R/bind_tf_idf.R
bind_tf_idf.Rd
Calculate and bind the term frequency and inverse document frequency of a tidy text dataset, along with the product, tf-idf, to the dataset. Each of these values are added as columns. This function supports non-standard evaluation through the tidyeval framework.
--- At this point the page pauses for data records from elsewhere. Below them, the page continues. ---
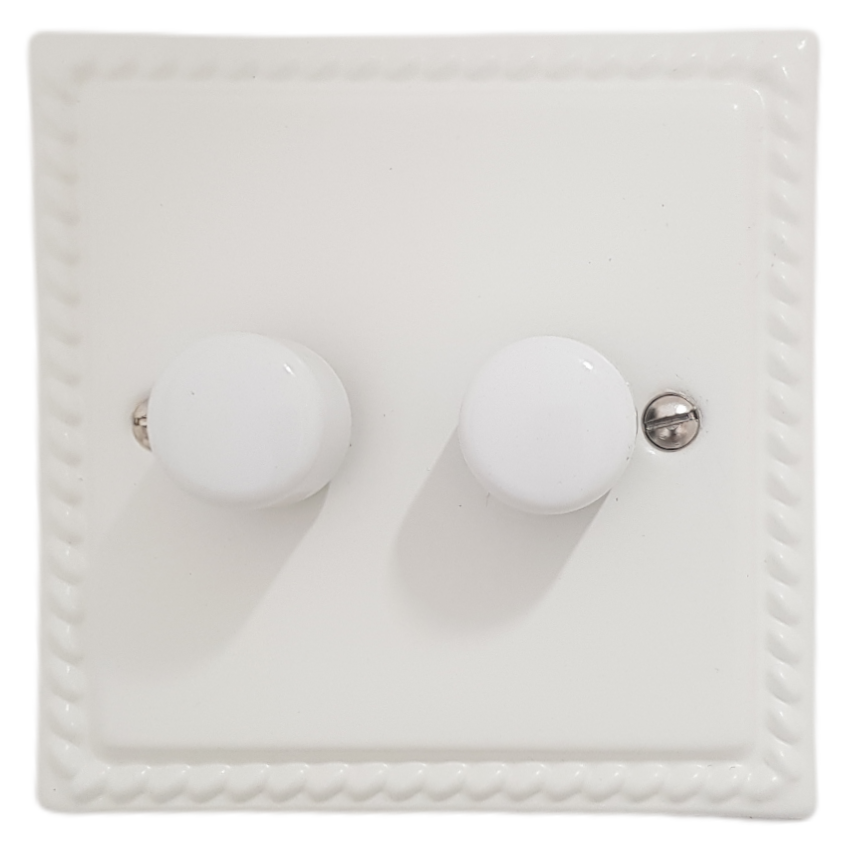 Monarch White LED Dimmer (2 Gang/White Caps)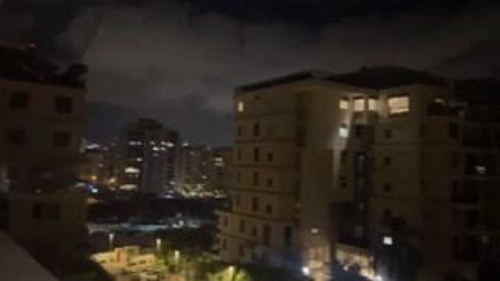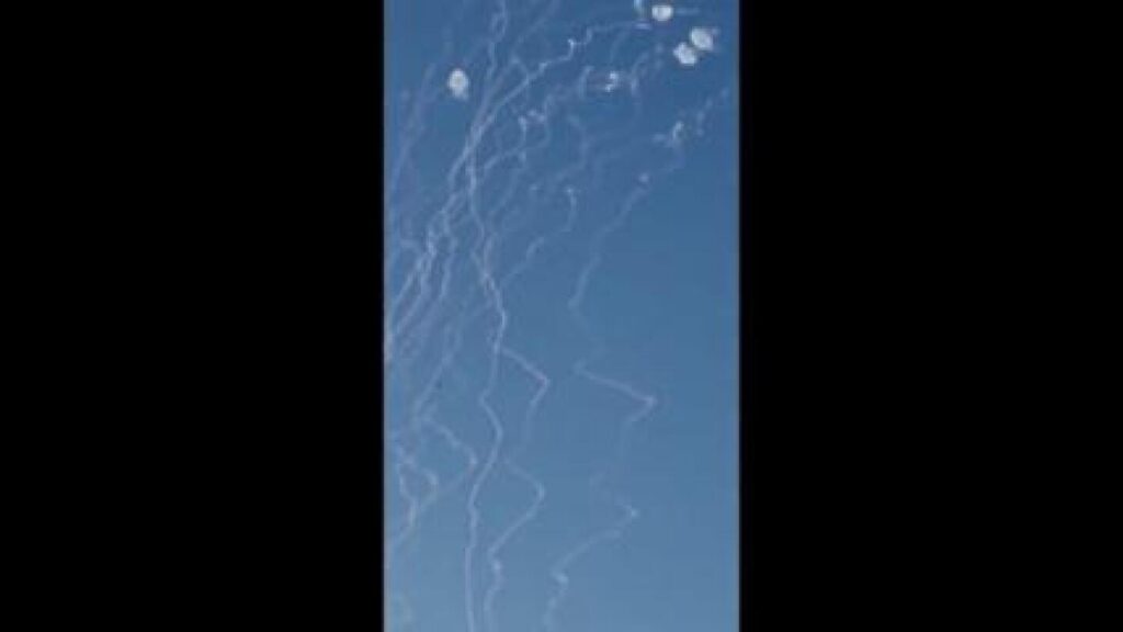 Video appears to show rockets fired from Lebanon landing in Rosh Pina, northern Israel, as others are intercepted. Video appears
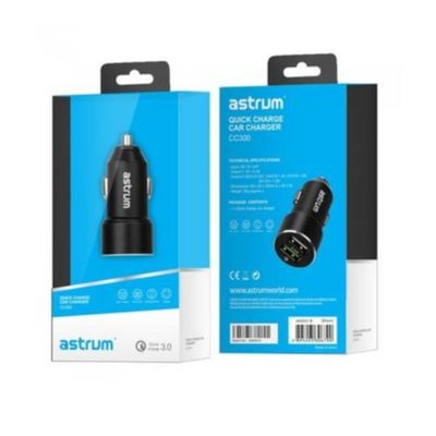 Astrum CC300 prémium fémházas autós gyorstöltő 2x USB, fekete, új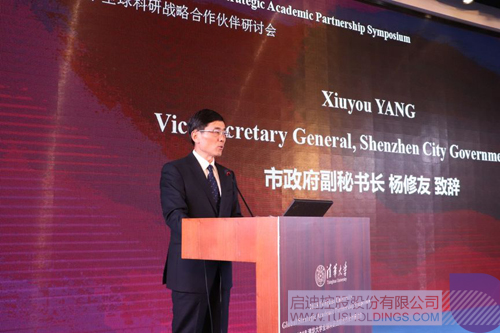 10月18日,2018清華大學(xué)全球科研戰(zhàn)略合作伙伴研討會(huì)在深圳市龍崗區(qū)啟迪協(xié)信科技園召開。清華大學(xué)副校長楊斌,深圳市政府副秘書長楊修友,深圳龍崗區(qū)副區(qū)長陳廣文,啟迪控股副董事長、啟迪協(xié)信董事長吳旭出席活動(dòng)并致辭。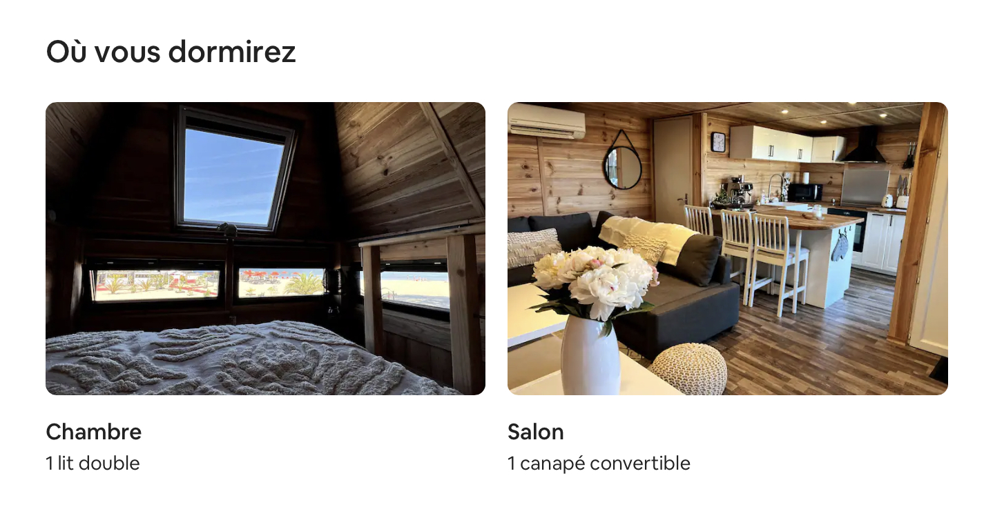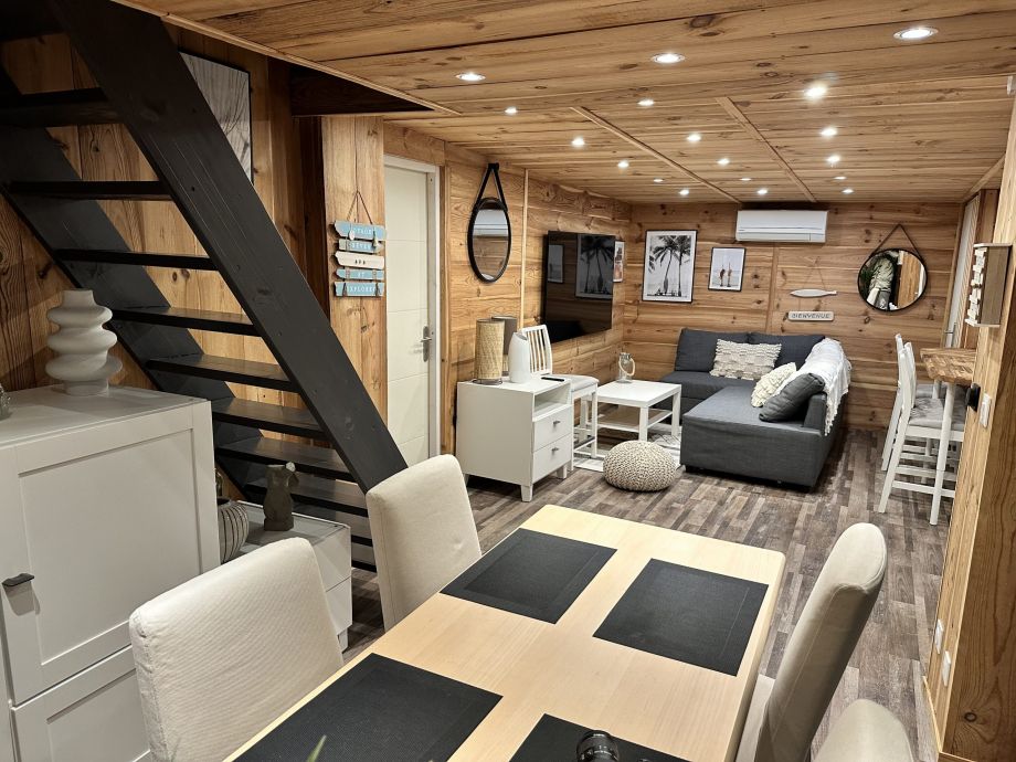 Avec un coin cuisine tout équipé, un côté salle à manger et salon avec grand écran connecté au wifi et apple tv, un grand canapé d’angle convertible en lit deux places pouvant accueillir deux enfants.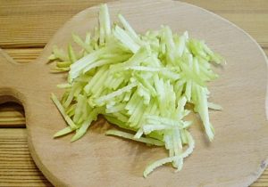 - Nastrúhajte jablká alebo nakrájajte na prúžky.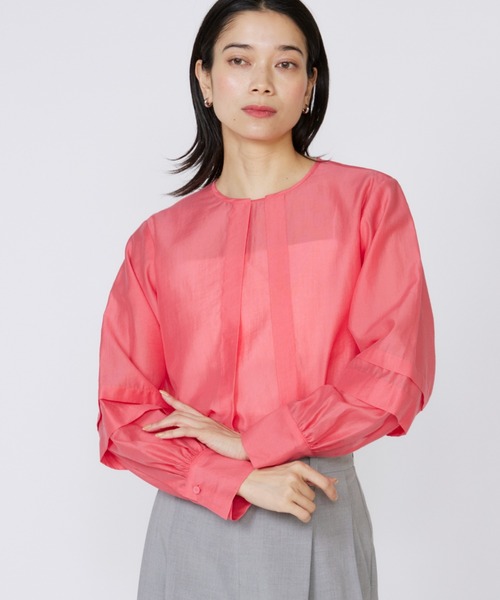 シルクのように上品な光沢感のある軽やかな素材のタックブラウス。襟元のと袖にタックを施し、自然な立体感が引き立つシルエットです。ウエストイン・アウトを選ばずバランスが整う1着。しなやかさの中に適度なハリ感があるため、美しいシルエットを保ちながら、ジャケットやブルゾンのインナーとしてもコーディネートが楽しめます。・水洗い可■サンプル撮影商品■こちらの商品はサンプルでの撮影となっております。実際の商品とは、サイズや色味、素材、デザイン等の仕様が若干変更になる場合がございます。

bind_tf_idf(tbl, term, document, n)
A tidy text dataset with one-row-per-term-per-document
Column containing terms as string or symbol
Column containing document IDs as string or symbol
Column containing document-term counts as string or symbol
The arguments term
, document
, and n
are passed by expression and support quasiquotation;
you can unquote strings and symbols.
If the dataset is grouped, the groups are ignored but are retained.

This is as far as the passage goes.